- **Data to use**
################

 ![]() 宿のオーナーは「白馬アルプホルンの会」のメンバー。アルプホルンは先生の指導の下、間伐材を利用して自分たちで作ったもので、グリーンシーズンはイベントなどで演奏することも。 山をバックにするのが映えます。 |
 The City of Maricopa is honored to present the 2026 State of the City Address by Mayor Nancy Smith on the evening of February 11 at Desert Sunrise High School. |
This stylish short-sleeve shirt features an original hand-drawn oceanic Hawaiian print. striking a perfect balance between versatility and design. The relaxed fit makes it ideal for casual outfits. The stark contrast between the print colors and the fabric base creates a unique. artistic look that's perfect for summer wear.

################

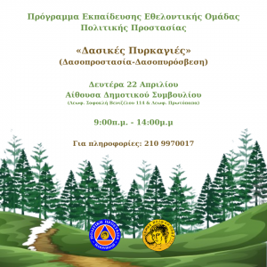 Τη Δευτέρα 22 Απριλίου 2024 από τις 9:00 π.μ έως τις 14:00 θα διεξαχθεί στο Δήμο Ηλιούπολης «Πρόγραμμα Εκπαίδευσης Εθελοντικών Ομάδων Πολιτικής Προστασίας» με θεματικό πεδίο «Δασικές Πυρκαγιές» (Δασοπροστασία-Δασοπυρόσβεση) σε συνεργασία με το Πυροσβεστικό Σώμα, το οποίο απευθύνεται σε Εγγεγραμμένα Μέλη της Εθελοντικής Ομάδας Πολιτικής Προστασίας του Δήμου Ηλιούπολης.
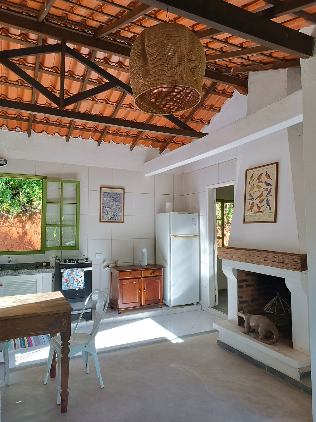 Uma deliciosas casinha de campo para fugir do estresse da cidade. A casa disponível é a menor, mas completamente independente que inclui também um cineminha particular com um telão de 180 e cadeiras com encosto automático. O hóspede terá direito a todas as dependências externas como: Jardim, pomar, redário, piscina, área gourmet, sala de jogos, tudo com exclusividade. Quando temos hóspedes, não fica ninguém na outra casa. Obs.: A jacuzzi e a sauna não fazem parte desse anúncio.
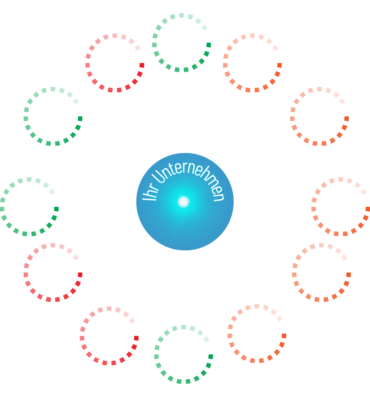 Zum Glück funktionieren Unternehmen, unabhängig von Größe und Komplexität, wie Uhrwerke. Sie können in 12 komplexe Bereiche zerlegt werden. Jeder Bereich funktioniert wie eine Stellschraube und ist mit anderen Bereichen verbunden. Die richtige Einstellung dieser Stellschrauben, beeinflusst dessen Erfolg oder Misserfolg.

################

- **Task to carry out**
Print, exactly, each line above from the one with "Uma deliciosas casinha" to the one with "Zum Glück funktionieren", end lines included. Leave pictures out of it.

- **Response to the task**
 Uma deliciosas casinha de campo para fugir do estresse da cidade. A casa disponível é a menor, mas completamente independente que inclui também um cineminha particular com um telão de 180 e cadeiras com encosto automático. O hóspede terá direito a todas as dependências externas como: Jardim, pomar, redário, piscina, área gourmet, sala de jogos, tudo com exclusividade. Quando temos hóspedes, não fica ninguém na outra casa. Obs.: A jacuzzi e a sauna não fazem parte desse anúncio.
 Zum Glück funktionieren Unternehmen, unabhängig von Größe und Komplexität, wie Uhrwerke. Sie können in 12 komplexe Bereiche zerlegt werden. Jeder Bereich funktioniert wie eine Stellschraube und ist mit anderen Bereichen verbunden. Die richtige Einstellung dieser Stellschrauben, beeinflusst dessen Erfolg oder Misserfolg.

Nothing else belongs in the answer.